» **Data below**

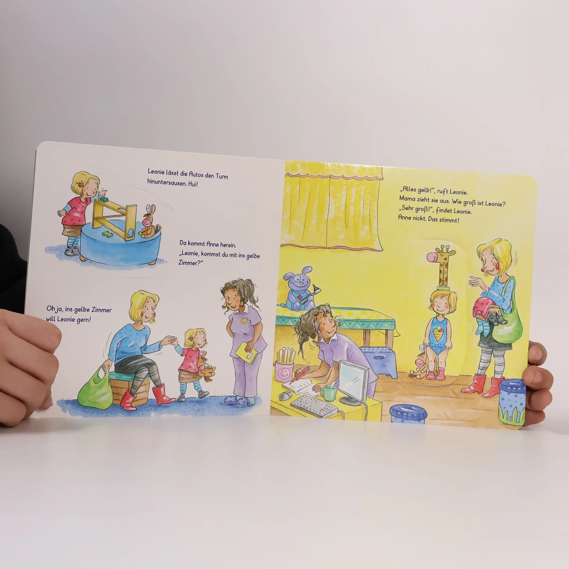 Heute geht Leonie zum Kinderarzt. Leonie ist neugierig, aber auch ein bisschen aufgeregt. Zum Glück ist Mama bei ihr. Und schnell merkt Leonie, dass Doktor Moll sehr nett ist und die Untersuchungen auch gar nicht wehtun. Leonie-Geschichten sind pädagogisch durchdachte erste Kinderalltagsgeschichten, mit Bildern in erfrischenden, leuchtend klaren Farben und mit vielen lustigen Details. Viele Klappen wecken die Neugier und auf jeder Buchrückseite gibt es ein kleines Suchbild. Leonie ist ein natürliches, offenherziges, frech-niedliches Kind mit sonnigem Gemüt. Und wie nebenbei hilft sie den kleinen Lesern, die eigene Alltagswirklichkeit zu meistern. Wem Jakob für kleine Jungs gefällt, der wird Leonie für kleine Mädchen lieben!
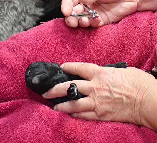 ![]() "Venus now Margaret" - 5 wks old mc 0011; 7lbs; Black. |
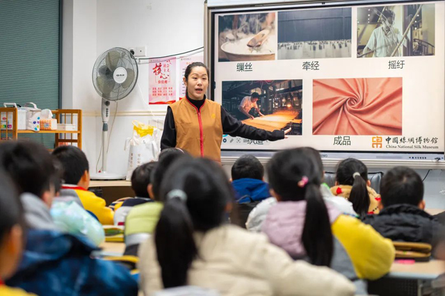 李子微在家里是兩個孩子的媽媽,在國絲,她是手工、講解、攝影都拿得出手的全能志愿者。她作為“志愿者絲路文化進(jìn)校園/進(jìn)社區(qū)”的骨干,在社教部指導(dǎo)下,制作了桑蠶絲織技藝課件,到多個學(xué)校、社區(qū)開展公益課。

» **Work request**
When you repeat the lines above, keep them exact and leave out each image they contain.

» **Task solution**
 Heute geht Leonie zum Kinderarzt. Leonie ist neugierig, aber auch ein bisschen aufgeregt. Zum Glück ist Mama bei ihr. Und schnell merkt Leonie, dass Doktor Moll sehr nett ist und die Untersuchungen auch gar nicht wehtun. Leonie-Geschichten sind pädagogisch durchdachte erste Kinderalltagsgeschichten, mit Bildern in erfrischenden, leuchtend klaren Farben und mit vielen lustigen Details. Viele Klappen wecken die Neugier und auf jeder Buchrückseite gibt es ein kleines Suchbild. Leonie ist ein natürliches, offenherziges, frech-niedliches Kind mit sonnigem Gemüt. Und wie nebenbei hilft sie den kleinen Lesern, die eigene Alltagswirklichkeit zu meistern. Wem Jakob für kleine Jungs gefällt, der wird Leonie für kleine Mädchen lieben!
 ![]() "Venus now Margaret" - 5 wks old mc 0011; 7lbs; Black. |
 李子微在家里是兩個孩子的媽媽,在國絲,她是手工、講解、攝影都拿得出手的全能志愿者。她作為“志愿者絲路文化進(jìn)校園/進(jìn)社區(qū)”的骨干,在社教部指導(dǎo)下,制作了桑蠶絲織技藝課件,到多個學(xué)校、社區(qū)開展公益課。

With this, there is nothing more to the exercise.